29 juin 2026

During A Violent Storm, A Woman Sheltered Four Wolves — By Morning, Her Home Was Unrecognizable

What the Wolves Knew
After my husband’s death, I sold the apartment and moved into my old family home, which I had inherited from my mother, who had inherited it from hers.

The house stood at the edge of the village, almost right by the forest. From the front windows you could see the road and three other houses and the church steeple beyond the hill. From the back windows there was nothing but trees—dark spruce and old birch, packed close together, beginning twenty meters from the rear wall. My mother had never liked those windows. She kept the curtains drawn on that side of the house even in summer, even in daylight, the heavy dark curtains that smelled of the cedar sachets she replaced every spring. As a child I thought this was simply her way—one of those inexplicable habits adults maintain without explanation. Later I understood it as something else: the specific aversion of someone who has made a private agreement with herself not to look at certain things too closely.

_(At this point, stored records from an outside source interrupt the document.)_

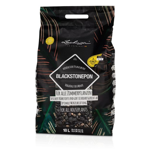 Dekoracyjna elegancja połączona z wyjątkową funkcjonalnością: BLACKSTONEPON rzuca cień na tradycyjną ziemię doniczkową. Organiczno-mineralne podłoże roślinne z naturalnym węglem drzewnym i czarną lawą charakteryzuje się wyjątkową ciemną barwą. Jest idealną alternatywą dla konwencjonalnej gleby doniczkowej, ponieważ jest stabilna strukturalnie, wspomaga napowietrzanie korzeni i optymalnie dozowane zaopatrzenie w wodę. Tym samym w niczym nie ustępuje konwencjonalnym substratom roślinnym firmy LECHUZA: pumeks, lawa i zeolit zapewniają wysoką zdolność drenażu i magazynowania wody, dzięki czemu mogą niezawodnie dostarczać roślinom wystarczającą ilość wody. Zawarty węgiel drzewny stymuluje wzrost korzeni. Ponieważ BLACKSTONEPON jest wstępnie nawożony, rośliny otrzymują składniki odżywcze przez 6-8 miesięcy. Z miłości do natury podłoże nie zawiera torfu. Można go stosować pod wszystkie rośliny domowe zarówno do nasadzeń całkowitych, jak i jako warstwę dekoracyjną.
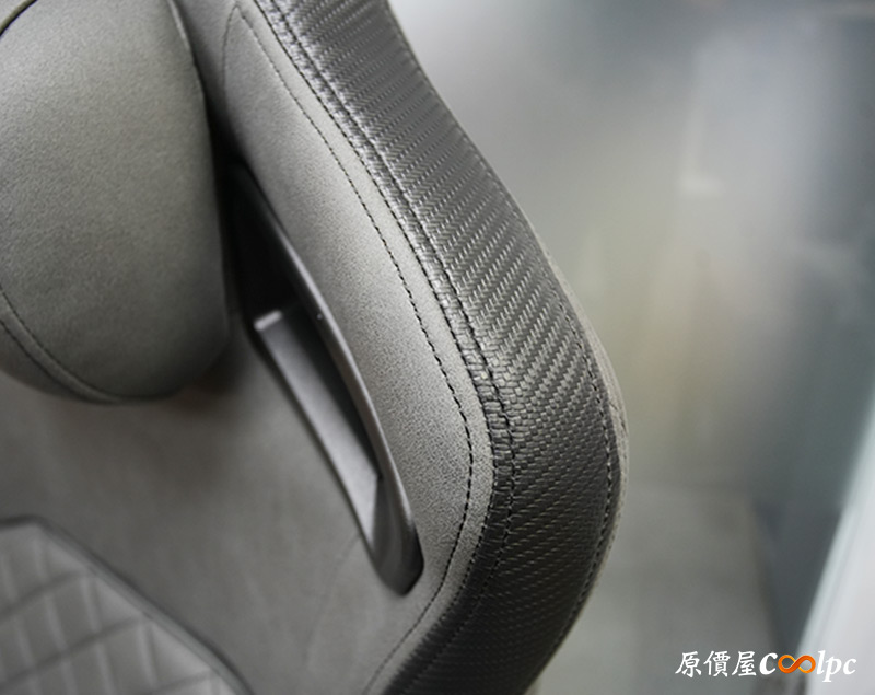 本體登場!必須說DEFENSOR S JET GRAY F這顏色我很喜歡,搭配本身仿賽車椅的設計,整體而言非常有型。椅身具備符合人體工學的曲線,面料使用觸感、耐磨度、透氣度都更好的類皮紋科技布,帶來更貼近真皮的觸感,內部則是高密度成型泡棉提供良好支撐力,再搭配椅子靈活的機構設計將舒適度推上頂峰,接著就讓我們來一一細看。
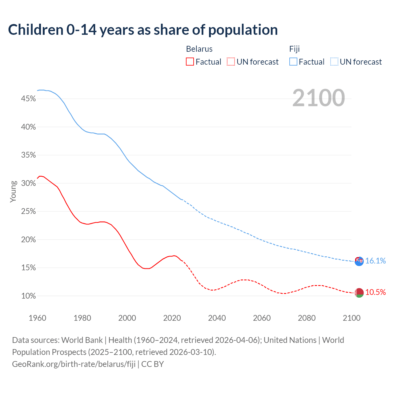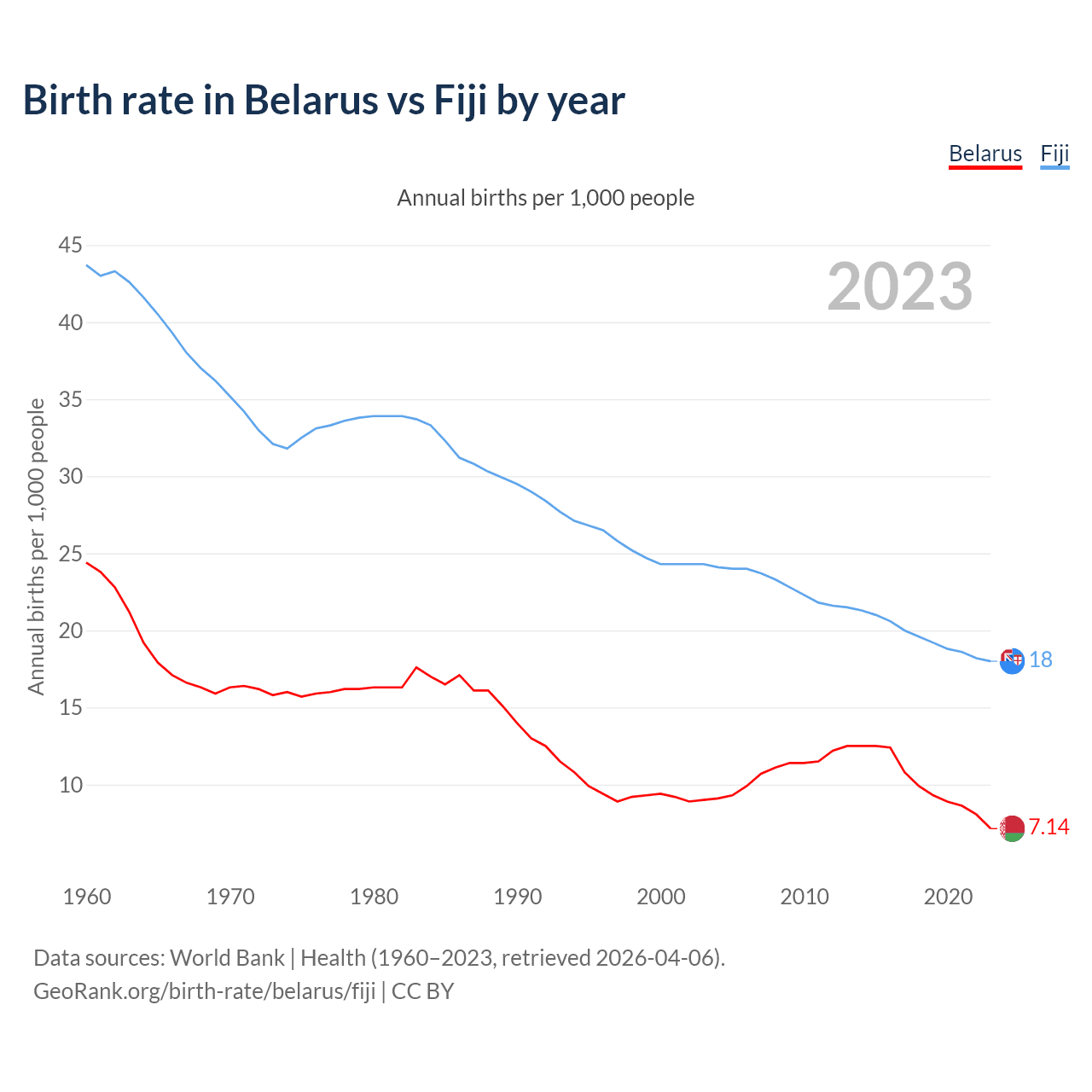 Belarus has an annual birth rate of 7.14 births per 1,000 people, compared to 18 for Fiji. The average number of children a woman is expected to have during her lifetime — the fertility rate, is 1.21 in Belarus and 2.28 in Fiji — 88.8% difference.
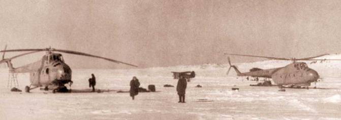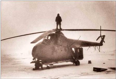 …Мы начинаем грандиозный воздушный поход к Северному полюсу. Низкие облака вынуждают нас лететь над самой землей. Я вижу, как вертолет Афонина под действием сильного порывистого встречного ветра кренится, летит, как по кочкам. Работая рычагами управления, пытаюсь выдерживать на этой «ухабистой дороге» дистанцию между нашими вертолетами и высоту полета. Второго пилота в моем экипаже нет: все еще непросто уговорить летчиков пересесть с освоенных и ставших родными самолетов на непонятную и опасную бескрылую технику – вертолет. Рядом со мной на месте второго пилота – штурман Саша Громчевский. Он уже записал время взлета, посматривает на колеблющиеся стрелки приборов, показывающие скорость и высоту, на компас, сличает пролетаемую местность с картой. Бортмеханик Константин Лещенко внимательно наблюдает за приборами контроля работы двигателя. Внизу, в передней части грузовой кабины, работает бортрадист Говорухин – он согласился пролететь с нами только часть маршрута.

My mother was a practical woman in most respects. But the forest-side windows were not a practical matter.

I had not been back in eleven years. Not since her funeral, which had been in winter, the ground frozen, the air so cold that the priest’s breath made small clouds as he spoke. I had stood at the edge of the grave and thought: I will deal with the house in the spring. Then spring came and I had not dealt with it, because dealing with a house meant returning to it, and returning to it meant confronting the extent to which I had let it gather dust and silence while I was busy with my city life. Then years passed. I was busy with the apartment, the marriage, the routines that accumulate around a person until they become the person themselves. And then my husband died, and the routines lost their shape overnight. They fell apart the way routines do when the person they organized around is gone—not all at once but gradually, first the morning habits, then the evening ones, then the middle of the day, until I found myself standing in the empty apartment on a Tuesday afternoon with nowhere to be and nothing that needed to be done.